:: WORK ITEM ::
Your job is to print, exactly, the lines in the data below from the line with "Zuzanna Deptuła - IV" through the line with "Queen serta mattress", both included, and to omit any picture.

:: DATA FOR PROCESSING ::
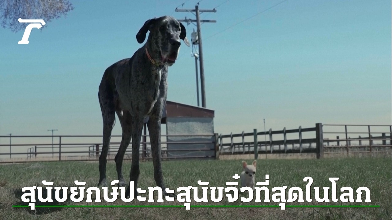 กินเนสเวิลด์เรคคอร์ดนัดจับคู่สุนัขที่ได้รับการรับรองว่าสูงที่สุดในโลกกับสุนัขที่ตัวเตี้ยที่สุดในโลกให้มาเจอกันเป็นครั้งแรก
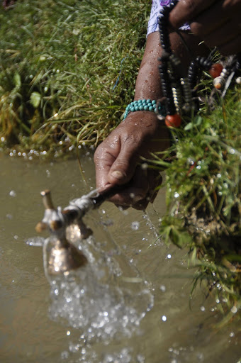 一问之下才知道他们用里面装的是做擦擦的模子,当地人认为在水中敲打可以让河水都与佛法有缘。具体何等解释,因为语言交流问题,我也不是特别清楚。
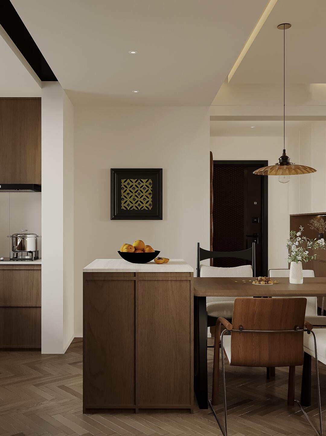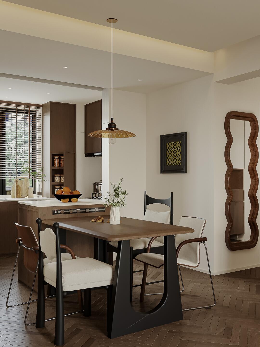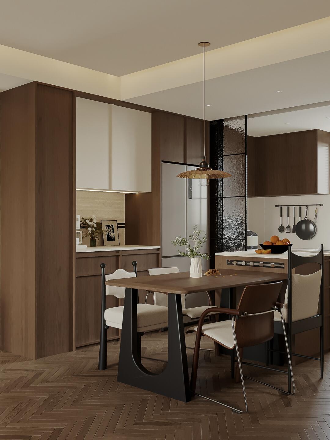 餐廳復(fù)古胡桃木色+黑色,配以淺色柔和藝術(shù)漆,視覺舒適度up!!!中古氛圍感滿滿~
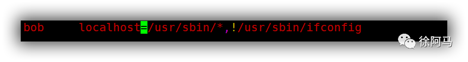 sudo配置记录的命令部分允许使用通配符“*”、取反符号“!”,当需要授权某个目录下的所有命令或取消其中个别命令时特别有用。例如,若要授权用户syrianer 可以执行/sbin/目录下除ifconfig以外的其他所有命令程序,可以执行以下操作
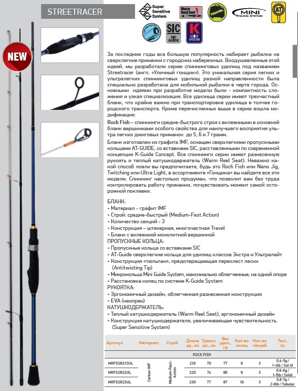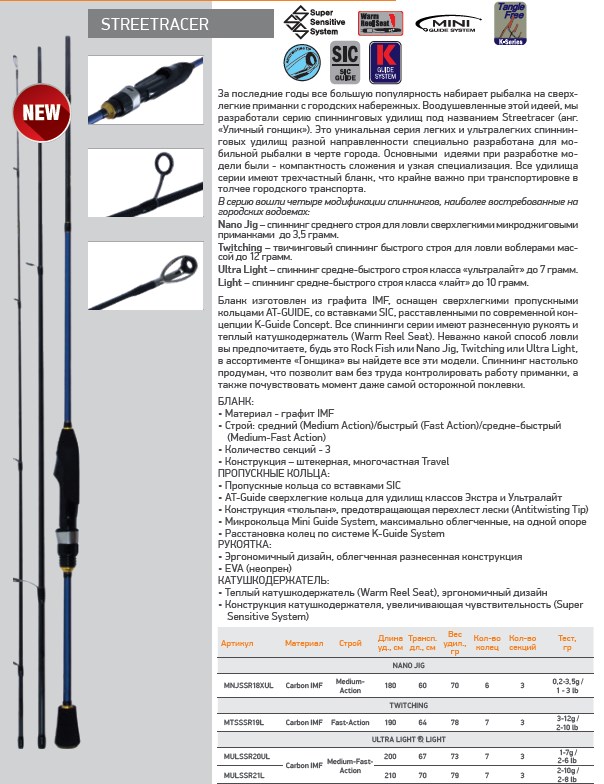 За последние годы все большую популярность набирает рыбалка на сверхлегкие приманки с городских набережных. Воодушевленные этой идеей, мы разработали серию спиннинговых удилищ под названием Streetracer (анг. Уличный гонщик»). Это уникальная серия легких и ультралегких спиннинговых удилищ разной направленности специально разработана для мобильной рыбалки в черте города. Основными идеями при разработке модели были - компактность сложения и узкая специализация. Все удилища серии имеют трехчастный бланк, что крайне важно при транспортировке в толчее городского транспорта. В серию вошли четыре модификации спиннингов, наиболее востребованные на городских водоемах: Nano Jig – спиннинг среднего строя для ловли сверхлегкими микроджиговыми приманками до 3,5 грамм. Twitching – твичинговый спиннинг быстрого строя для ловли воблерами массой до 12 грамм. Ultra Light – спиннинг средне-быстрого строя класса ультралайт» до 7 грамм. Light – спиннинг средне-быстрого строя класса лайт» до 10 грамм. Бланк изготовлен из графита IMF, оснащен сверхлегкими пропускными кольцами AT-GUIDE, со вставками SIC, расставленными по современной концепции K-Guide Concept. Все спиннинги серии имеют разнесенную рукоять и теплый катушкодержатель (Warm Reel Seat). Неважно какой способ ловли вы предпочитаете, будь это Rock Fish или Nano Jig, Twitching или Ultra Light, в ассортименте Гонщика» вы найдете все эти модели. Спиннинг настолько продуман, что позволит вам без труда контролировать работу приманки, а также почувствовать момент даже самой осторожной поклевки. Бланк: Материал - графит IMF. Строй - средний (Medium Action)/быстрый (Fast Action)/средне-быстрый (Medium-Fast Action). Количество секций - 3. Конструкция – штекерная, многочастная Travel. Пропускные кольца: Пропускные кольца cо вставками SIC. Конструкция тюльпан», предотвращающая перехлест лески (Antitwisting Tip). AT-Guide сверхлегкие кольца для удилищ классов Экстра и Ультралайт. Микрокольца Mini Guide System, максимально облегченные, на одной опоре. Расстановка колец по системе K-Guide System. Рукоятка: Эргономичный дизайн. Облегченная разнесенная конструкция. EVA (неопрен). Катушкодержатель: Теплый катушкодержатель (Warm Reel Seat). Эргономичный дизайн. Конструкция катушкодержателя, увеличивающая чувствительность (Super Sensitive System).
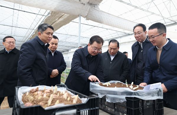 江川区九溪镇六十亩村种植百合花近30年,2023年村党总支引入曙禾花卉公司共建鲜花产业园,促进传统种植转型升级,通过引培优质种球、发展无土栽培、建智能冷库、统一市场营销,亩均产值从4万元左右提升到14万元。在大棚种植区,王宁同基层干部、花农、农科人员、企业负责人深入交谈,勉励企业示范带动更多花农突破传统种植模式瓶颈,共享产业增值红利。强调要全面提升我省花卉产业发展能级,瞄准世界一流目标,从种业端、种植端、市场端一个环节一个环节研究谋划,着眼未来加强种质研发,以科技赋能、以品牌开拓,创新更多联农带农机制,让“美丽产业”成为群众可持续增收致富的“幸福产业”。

--

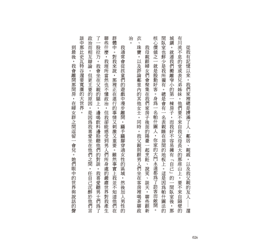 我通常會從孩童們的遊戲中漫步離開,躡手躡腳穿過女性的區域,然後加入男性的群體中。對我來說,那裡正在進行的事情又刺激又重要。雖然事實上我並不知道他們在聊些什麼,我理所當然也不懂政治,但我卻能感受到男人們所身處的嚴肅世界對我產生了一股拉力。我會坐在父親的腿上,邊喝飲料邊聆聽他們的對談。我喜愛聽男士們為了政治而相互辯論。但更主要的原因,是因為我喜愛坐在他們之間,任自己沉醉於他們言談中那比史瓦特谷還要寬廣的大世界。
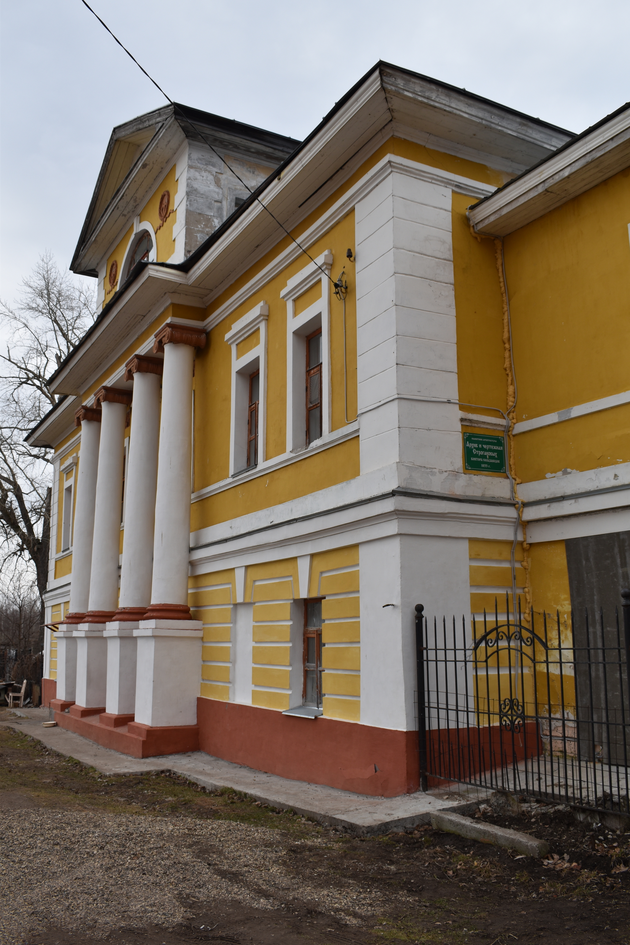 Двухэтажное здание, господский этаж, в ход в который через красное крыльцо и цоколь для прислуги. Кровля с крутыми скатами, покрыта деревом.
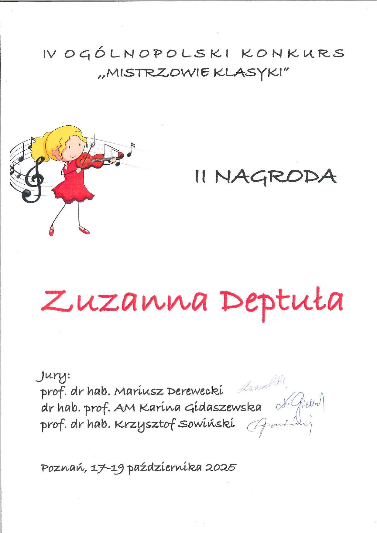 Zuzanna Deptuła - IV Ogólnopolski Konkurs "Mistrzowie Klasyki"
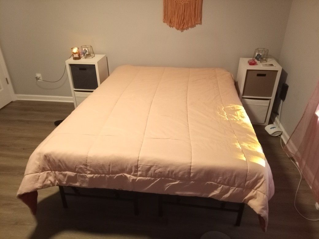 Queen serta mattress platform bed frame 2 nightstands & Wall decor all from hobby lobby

:: ANSWER SECTION ::
 Zuzanna Deptuła - IV Ogólnopolski Konkurs "Mistrzowie Klasyki"
 Queen serta mattress platform bed frame 2 nightstands & Wall decor all from hobby lobby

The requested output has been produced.